3

I am trying to copy data from on-prem SQL server to Azure Data Lake Storage (ADLS) via Azure Data Factory (ADF). Everything seems to work, except when I run (debug or trigger) the pipeline, I get the error:

{ "errorCode": "2200", "message": "Failure happened on 'Sink' side. ErrorCode=UserErrorAdlsFileWriteFailed,'Type=Microsoft.DataTransfer.Common.Shared.HybridDeliveryException,Message=Writing to 'AzureDataLakeStore' failed. Message: The remote server returned an error: (411) Length Required.. Response details: \r\nLength Required\r\n\r\n

Length Required

\r\n

HTTP Error 411. The request must be chunked or have a content length.

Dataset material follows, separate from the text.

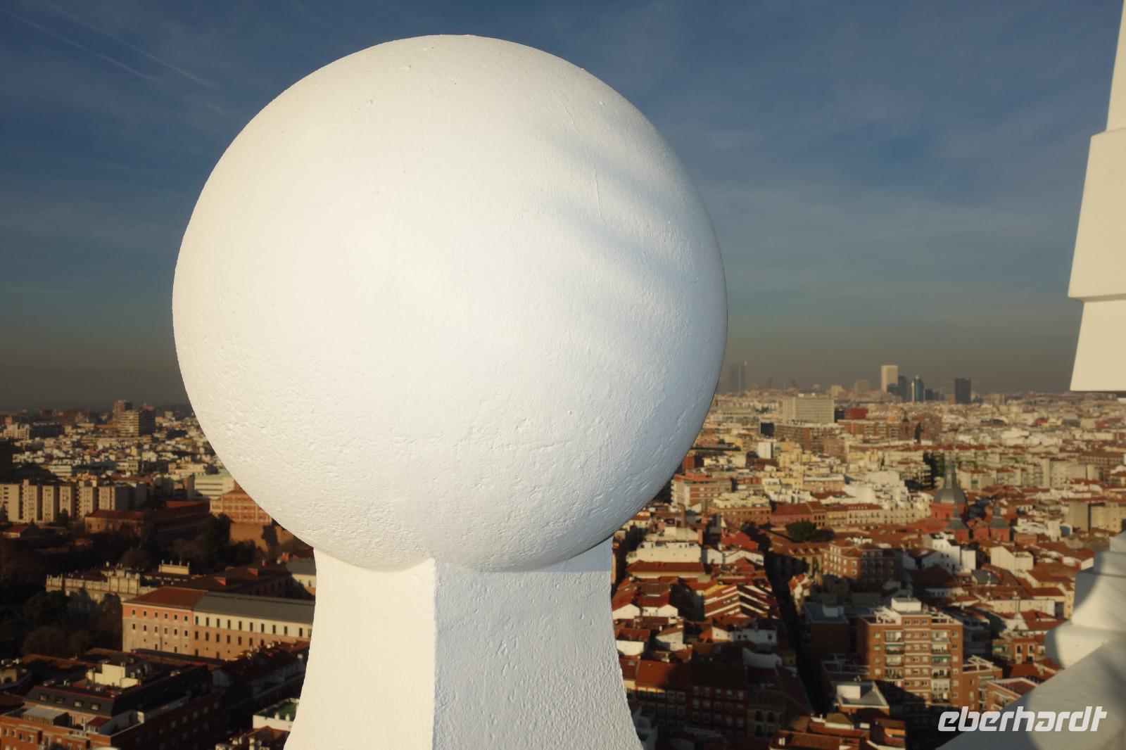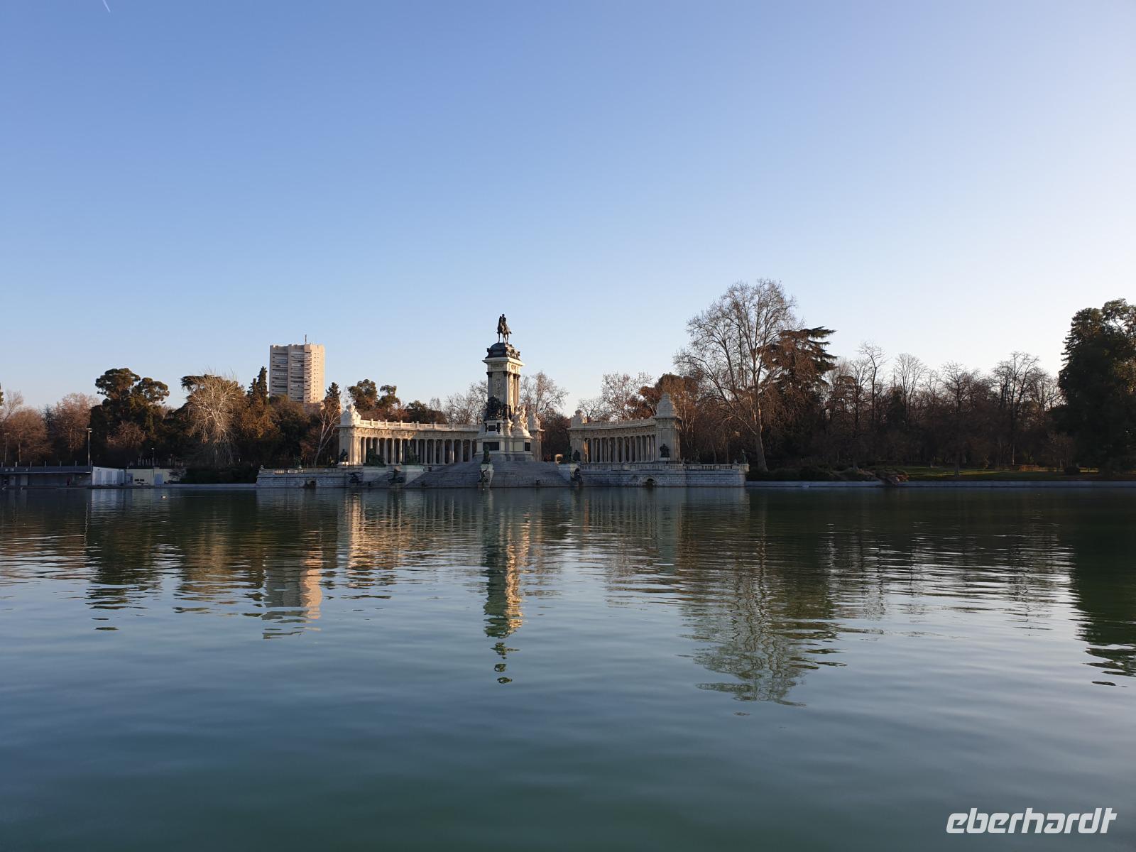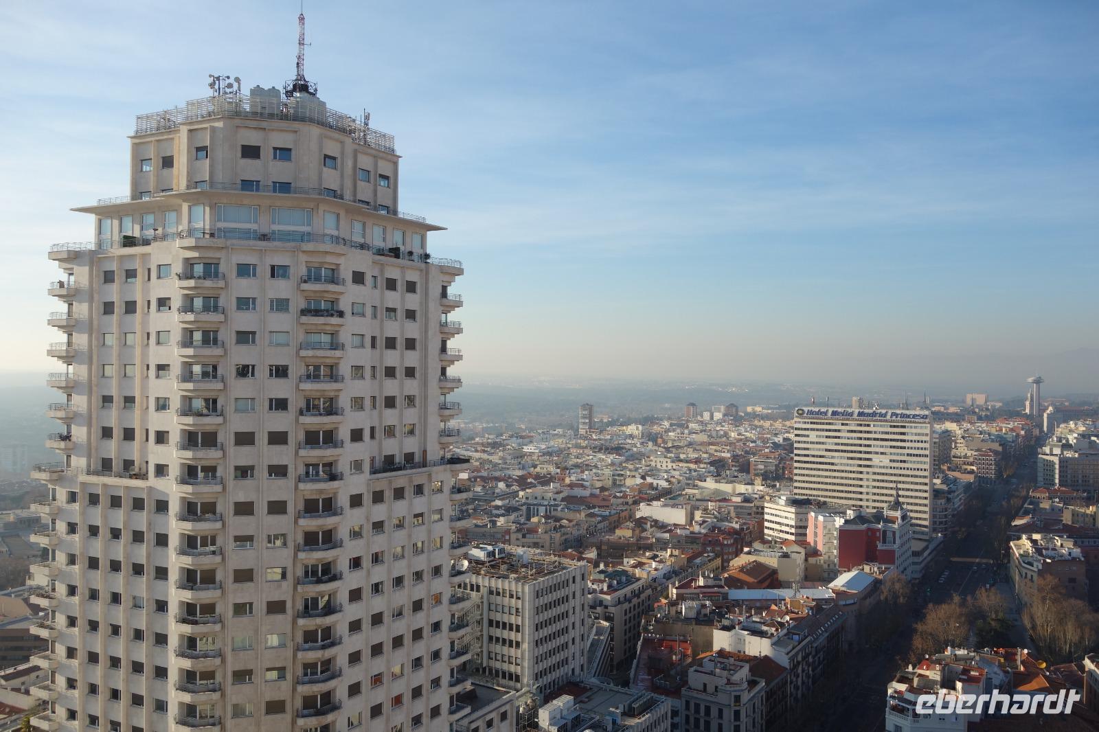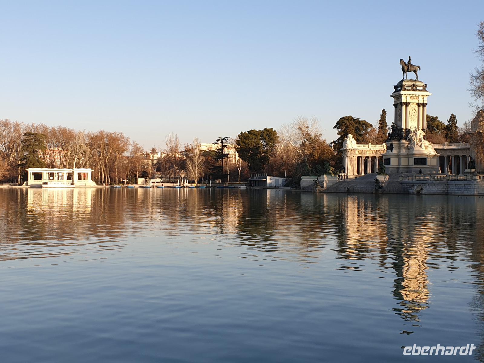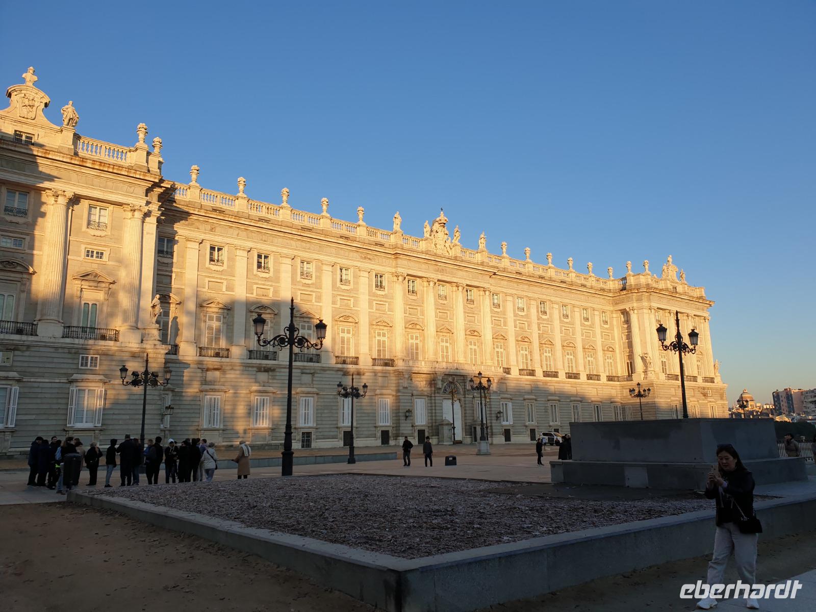 Anschließend gingen wir zu der berühmte „Templo de Debod", dem kleinen altägyptischen Tempel und ältesten Bauwerk Madrids. Es war ein Geschenk der ägyptischen Regierung an Spanien zum Dank für die Hilfe der spanischen Archäologen bei der Rettung Abu Simbels während des Baus des Asusanstaudamms vor mehr als 50 Jahren. Von hier hat man einen der besten Ausblicke von Madrid bis zu den Gebirgsketten voller Schnee über den Königspalast und die Casa de Campo. Wir wollten heute gar nicht viel mehr sehen, da wir noch einen richtigen Stadtrundgang am Mittwoch haben würden, aber einen erste Eindruck von meiner Heimat wollte ich meinen Gästen schon heute geben. Wir hatten riesig Glück mit dem Wetter in diesen Tage, da es immer sonnig war. Man darf nicht vergessen, dass sich Madrid in einer Höhe von 665 Metern befindet. Wenn die Sonne scheint, ist es sehr angenehm, aber am Abend und in der Nacht kann richtig frisch und kalt sein.
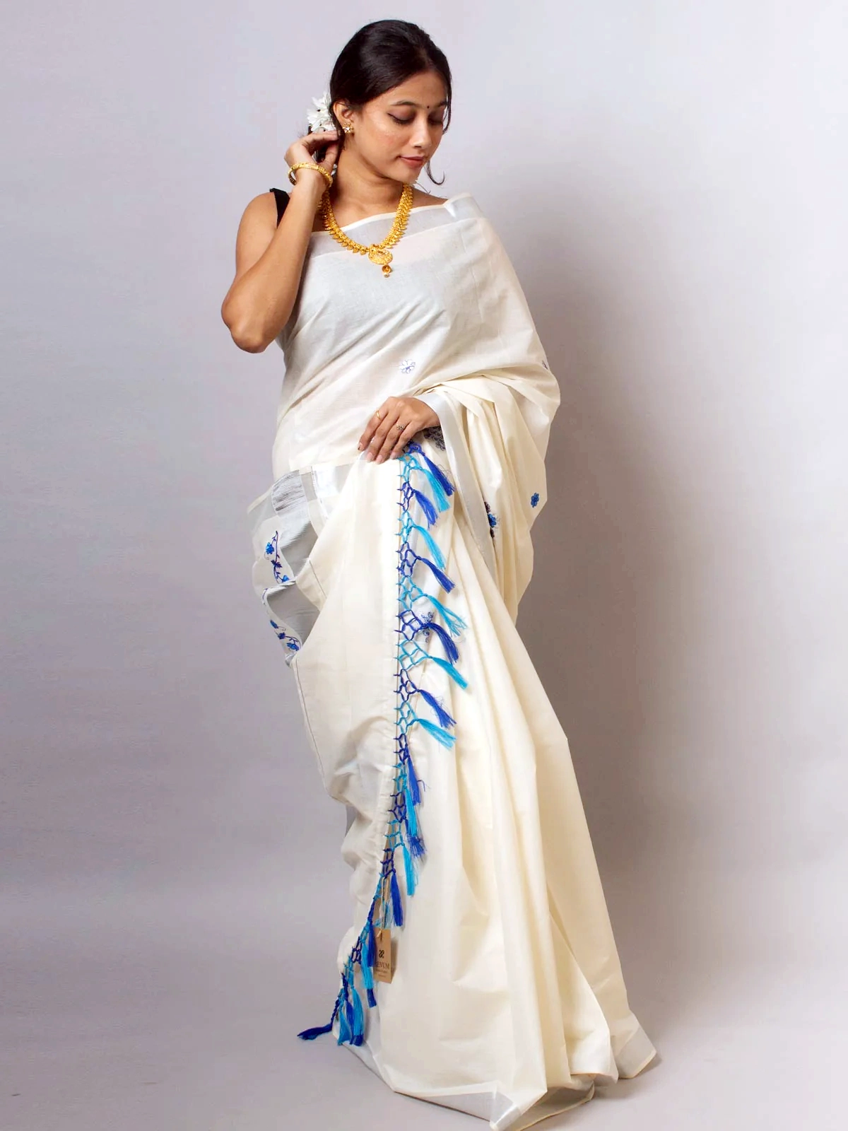 The Kerala Cotton Embroidered saree fusions traditional style with intricate embroidery, attract to those who value enduring beauty and cultural charm.

\r\n\r\n,Source=Microsoft.DataTransfer.ClientLibrary,''Type=System.Net.WebException,Message=The remote server returned an error: (411) Length Required.,Source=System,'", "failureType": "UserError", "target": "CopyData1" }

What is really odd, is that the following pipelines DO work:

  • SQL tbl1 -> SQL tbl2
  • ADLS source.txt -> ADLS sink.txt

I.e. read/write access works as expected. The latter pipeline is also able to create/overwrite the sink.txt file.

But when I run the pipeline

  • SQL tbl1 -> sink.txt

I get the Length Required error. And if sink.txt exists, the pipeline even deletes it!

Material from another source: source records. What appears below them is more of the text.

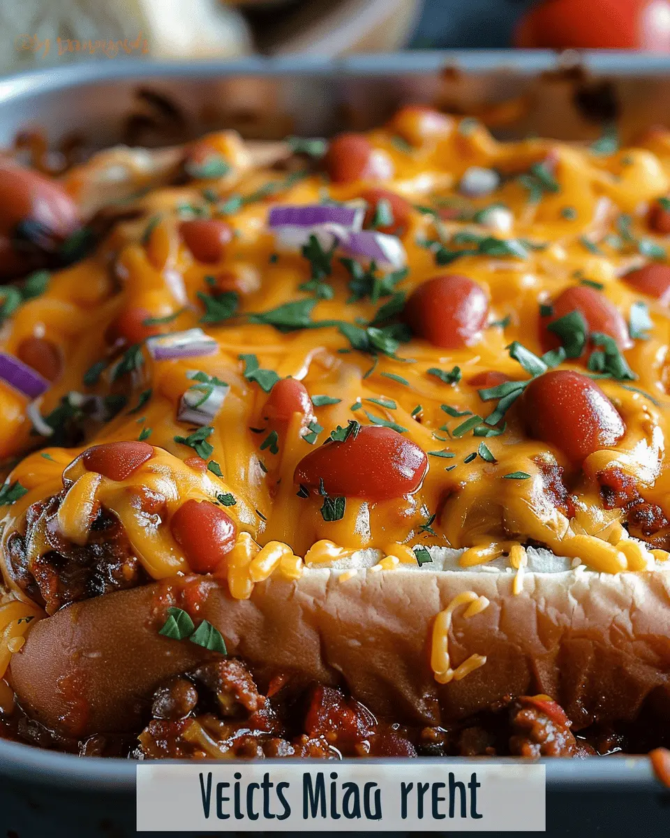 A deliciously indulgent recipe for a Chili Cheese Dog Bake, perfect for comforting meals.
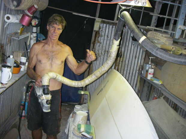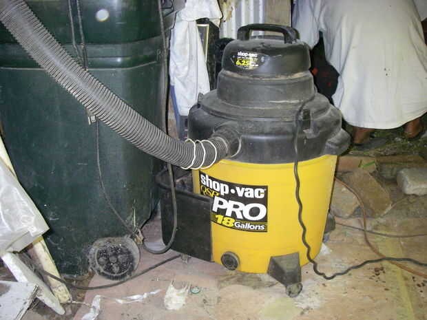 Jonny utiliza un muy flexible de tubo secador de ropa para eso. Se lamenta que ya no se hace este tipo de manguera. La manguera está suspendido del techo justo sobre la Junta. Enchufa la manguera normal que viene con el shopvac. La manguera shopvac no es lo suficientemente fuerte y puede colapsar en el mismo lugar. Envuelve con alambre allí para mantenerla abierta. El shopvac es un modelo muy tranquilo.
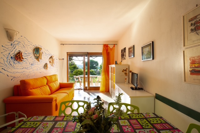 Appartamenti: dotati di arredi moderni e funzionali hanno ingresso indipendente, possono essere talvolta distribuiti internamente su due livelli, sono dotati di Tv, lavatrice, aria condizionata (a pagamento) e sono disposti a piano terra con giardino e patio privato o al primo piano con balcone sempre attrezzati con tavolo e sedie per consumare i pasti anche all’aperto.
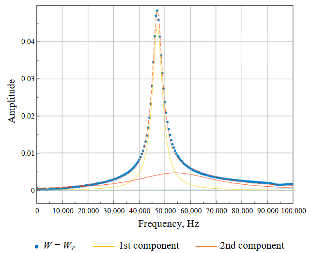 The water structure in the water-saturated clay sample (Mс = 40 %) was determined at a moisture content approaching the plastic limit (W = WP = 26 %). The T1 values measured via the ECHO-12 relaxometer ranged from 4.76 to 9.62 ms. The narrower T1 variation range may be attributed to both minimal pore diameters and the stronger in-fluence of epitaxial centres on pore water structuring relative to polarising centres. The signal spectrum analysis revealed only two components: crystallization water within the clay mineral structure (19 kHz) and a unified component that represent the structural integrity of the pore water in the soil (Fig.5).
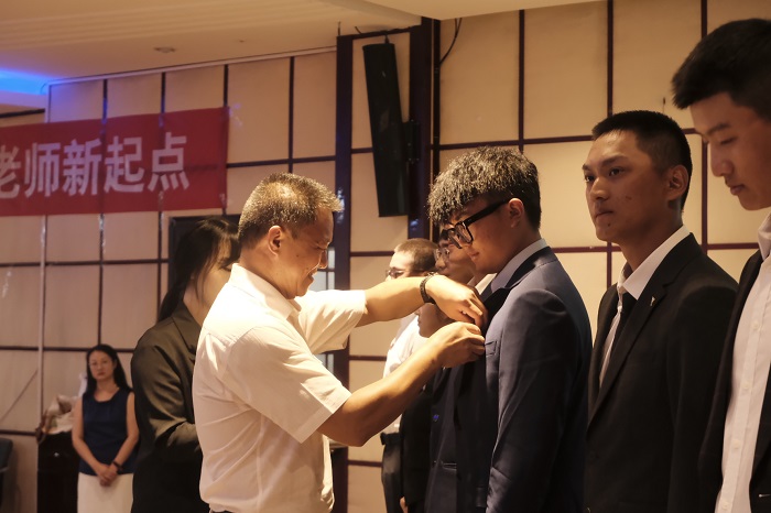 杨勇首先对新生的到来表示欢迎和祝贺,并为新生佩戴上院徽。杨勇希望新生们严格要求自己,树立远大理想,把国家发展与自己的未来紧密结合起来,利用好自身环境的优势,积极掌握科学理论和提高技术能力,不满足于本科学历,将继续深造作为四年大学规划的首选,最后通过历练成为社会主义的优秀接班人,为为公司、国家争光添彩。

I'm using ADFv2, ADLS Gen1, ADF & ADLS resides in the same subscription/resource group, using selfhosted/Azure Integration Runtime (for SQL / ADLS respectively). I have tested with source statement as simple as "SELECT 1 Col". Also tested without dataset schema, and with schemas+mappings.

Is this a bug, or am I missing something? Which “Length” is required?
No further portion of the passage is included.